Medtronic 670g Auto mode

Maybe I am the exception, but I have had better control and fewer lows with the 670G. The sensors are accurate and my BS are more stable. When it asks for an additional BS, I just input the number displayed if I just calibrated. Not that big of an inconvenience. The key is to NOT calibrate when it asks for an additional BS. I found all the calibrations confused it. The tape that comes with the guardian censors is crap. I use Simpatch or Rocktape and cover the whole thing. I had MAJOR sensor issues when I used their tape, but hardly any since I switched to my own. Good luck!

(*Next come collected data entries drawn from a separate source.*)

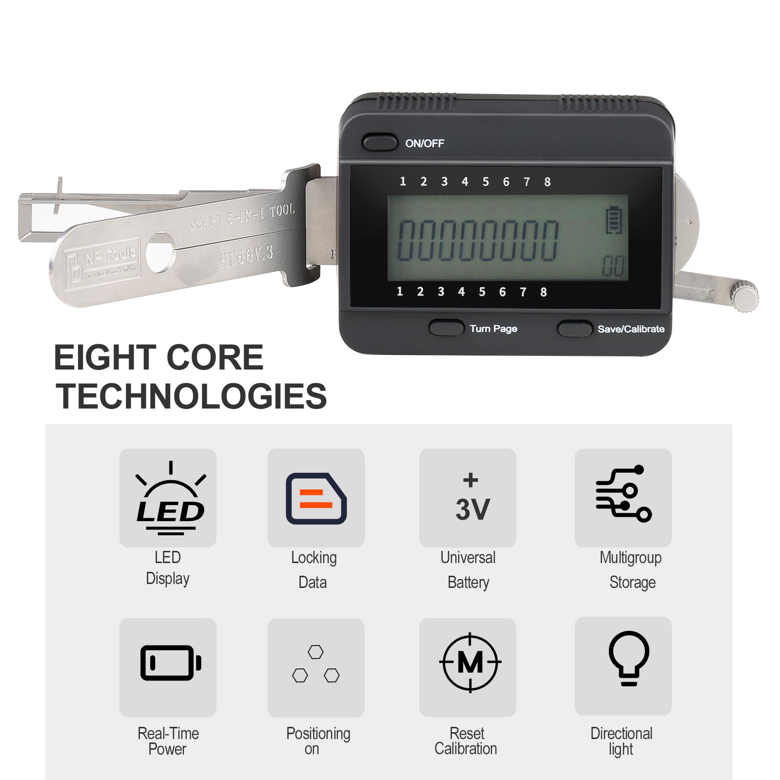 C’est un décodeur intelligent cinq en un outil qui peut effectuer le déverrouillage des données, la lecture de code, le stockage, la correction de la lumière LED.
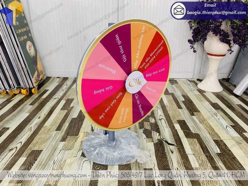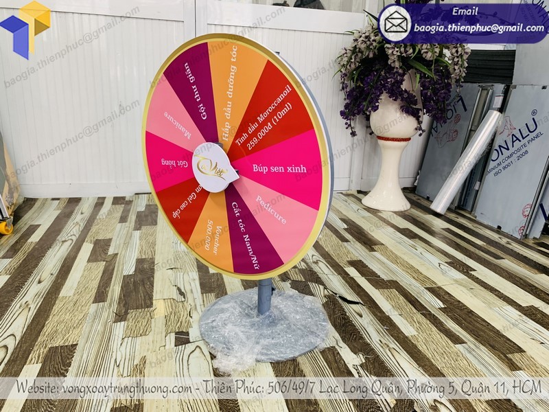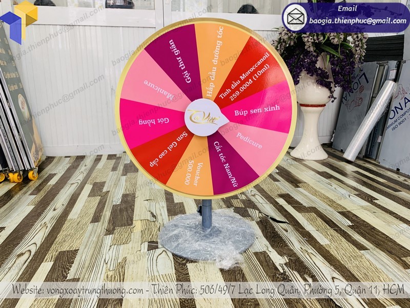 Công ty Thiên Phúc là nơi làm vòng quay giá rẻ tại TPHCM, chuyên gia công các loại vòng quay may mắn phù hợp với nhu cầu, kinh phí của khách hàng, đối tác. Thiên Phúc nhận làm vòng quay quảng cáo để bàn tại tất cả các quận huyện tại TPHCM và các tỉnh thành lân cận.
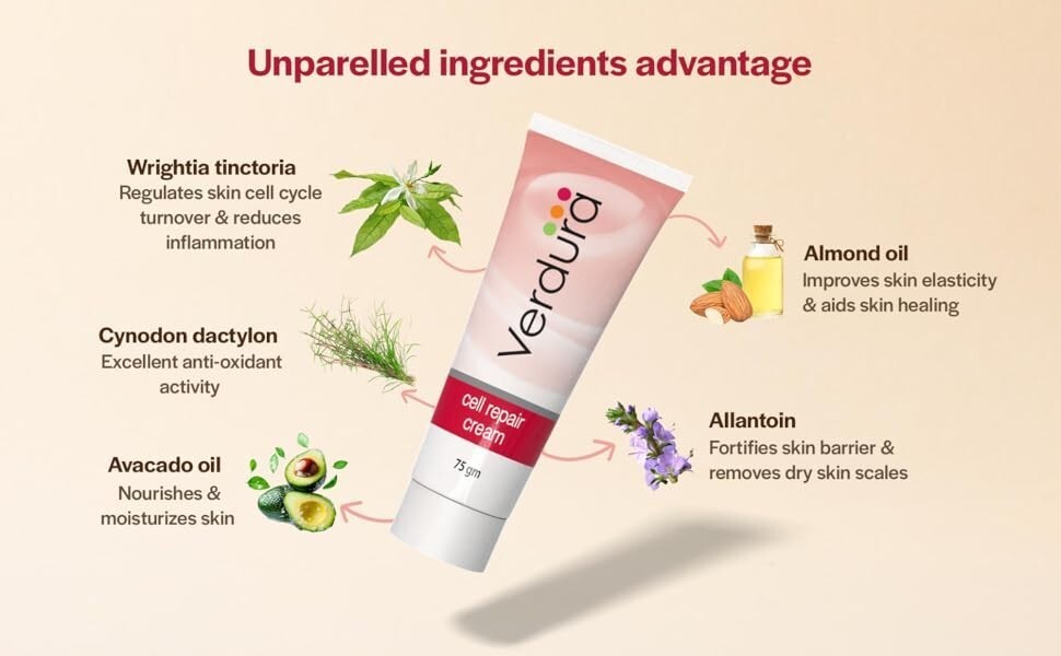Please refer to the individual product packaging for full ingredient lists and detailed usage instructions for both Verdura Cell Repair Cream and Verdura Mela Gain Cream.
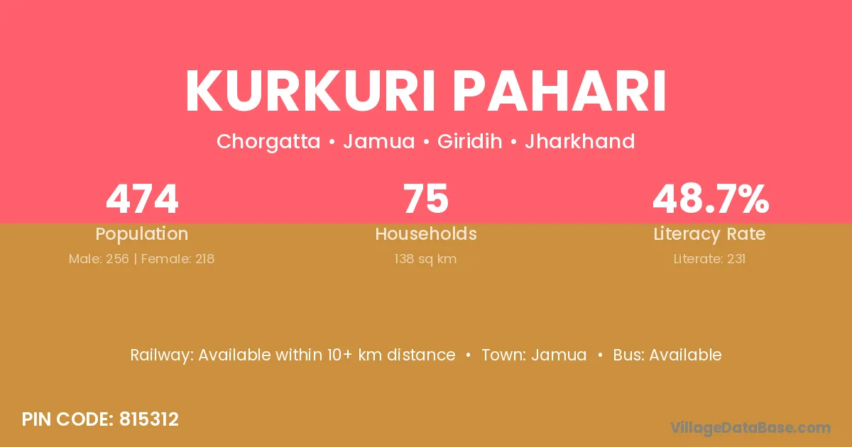 Kurkuri Pahari village has a total population of 474 people, of which 256 are males and 218 are females.
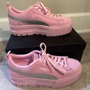 Special Edition Dua Lipa Pink Puma Sneakers size8.5, great condition, worn once- velvet exterior

It’s caused me quite a bit of stress! It works so well though when IN automode. And when I am out of it my blood sugars are crazy up-and-down. I almost think they are worse because my body gets used to the auto mode basil delivery and then when it’s not working right or I’m not in my body is like “woah what’s going on here?!” But I am seriously starting to have PTSD from the beeping and trying to get into AM.

can I ask what system you are using?thanks…

I’m using a do-it-yourself automated insulin dosing system called Loop. It’s comprised of a Medtronic 722 pump, a Dexcom G4 CGM, a radio bridge called RileyLink that facilitates communication between the pump and phone, and an iPhone 6 running a self-installed app called Loop. It’s an Apple based system but other set-ups use Android phones.

I wrote about it when I started back in November 2016.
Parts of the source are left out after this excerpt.